The overall legislative trajectory of § 245 has historically favored broader access to adjustment rather than limiting it to rare or exceptional circumstances.

Potential Practical Impact

Although the memorandum does not change statutory eligibility requirements, it may significantly affect how adjustment applications are adjudicated in practice.

Increased Scrutiny of Intent at Entry

The memorandum revives analysis associated with Matter of Cavazos and similar cases focusing on the applicant’s intent at the time of admission.

Applicants who entered on B-1/B-2 visitor visas or other single-intent classifications and later pursue adjustment of status may face heightened scrutiny regarding whether they intended to immigrate at the time of entry. USCIS may issue additional Requests for Evidence seeking documentation relating to intent and immigration history.

Greater Importance of Maintaining Nonimmigrant Status

The memorandum also elevates compliance with the terms of nonimmigrant admission as an important discretionary factor.

Under prior practice, many applicants allowed their underlying nonimmigrant status to lapse after filing Form I-485 and obtaining employment authorization and advance parole documents. The new guidance suggests USCIS may now treat failure to maintain status during the pendency of an adjustment application as a negative discretionary consideration.
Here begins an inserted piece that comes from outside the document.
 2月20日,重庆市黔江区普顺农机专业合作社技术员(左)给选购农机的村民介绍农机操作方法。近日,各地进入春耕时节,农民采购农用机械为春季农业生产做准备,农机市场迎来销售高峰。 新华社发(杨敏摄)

Where possible, applicants may wish to continue extending and maintaining underlying nonimmigrant status throughout the adjustment process. This may be particularly important for individuals in single-intent or short-duration visa classifications where adjustment processing times may extend beyond the original authorized period of stay.

The memorandum may also affect advance parole travel decisions, especially for applicants whose underlying nonimmigrant status has already expired.
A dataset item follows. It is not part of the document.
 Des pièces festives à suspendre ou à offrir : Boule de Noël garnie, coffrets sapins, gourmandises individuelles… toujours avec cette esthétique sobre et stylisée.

More Detailed Discretionary Denials

The memorandum states that discretionary denials should include written analysis explaining the positive and negative factors considered by the adjudicating officer.
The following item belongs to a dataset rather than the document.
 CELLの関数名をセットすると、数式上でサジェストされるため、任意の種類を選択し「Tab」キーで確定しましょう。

This requirement may create a more developed administrative record for purposes of motions to reopen, appeals, or future litigation challenging discretionary denials.

Who May Be Affected

Potentially affected groups include:

  • Employment-based adjustment applicants;
  • H-1B, L-1, TN, O-1, and other temporary workers pursuing permanent residence;
  • Family-based adjustment applicants;
  • EB-1 and National Interest Waiver self-petitioners;
  • Dependent spouses and children; and
  • Applicants relying on concurrent filing strategies.

The memorandum also reiterates that pursuing adjustment of status is not inherently inconsistent with recognized dual-intent classifications such as H-1B and L-1 status. However, USCIS notes that maintenance of lawful status alone may not be sufficient to warrant favorable discretion in every case.

For employers, the memorandum may require reassessing immigration strategies for sponsored employees, anticipating additional Requests for Evidence or adjudication delays, and evaluating whether consular processing may be preferable in certain cases depending on the employee’s immigration history and long-term plans.

Looking Ahead

The ultimate impact of the memorandum remains uncertain and will likely depend on how USCIS officers apply the guidance in practice. Additional agency guidance, administrative decisions, or federal litigation may further define the scope of the policy.

For now, individuals with pending or anticipated adjustment applications should consider proactively strengthening the discretionary aspects of their cases. Documentation relating to tax compliance, employment history, family ties, long-term residence, community involvement, and other favorable equities may become increasingly important in adjustment adjudications moving forward.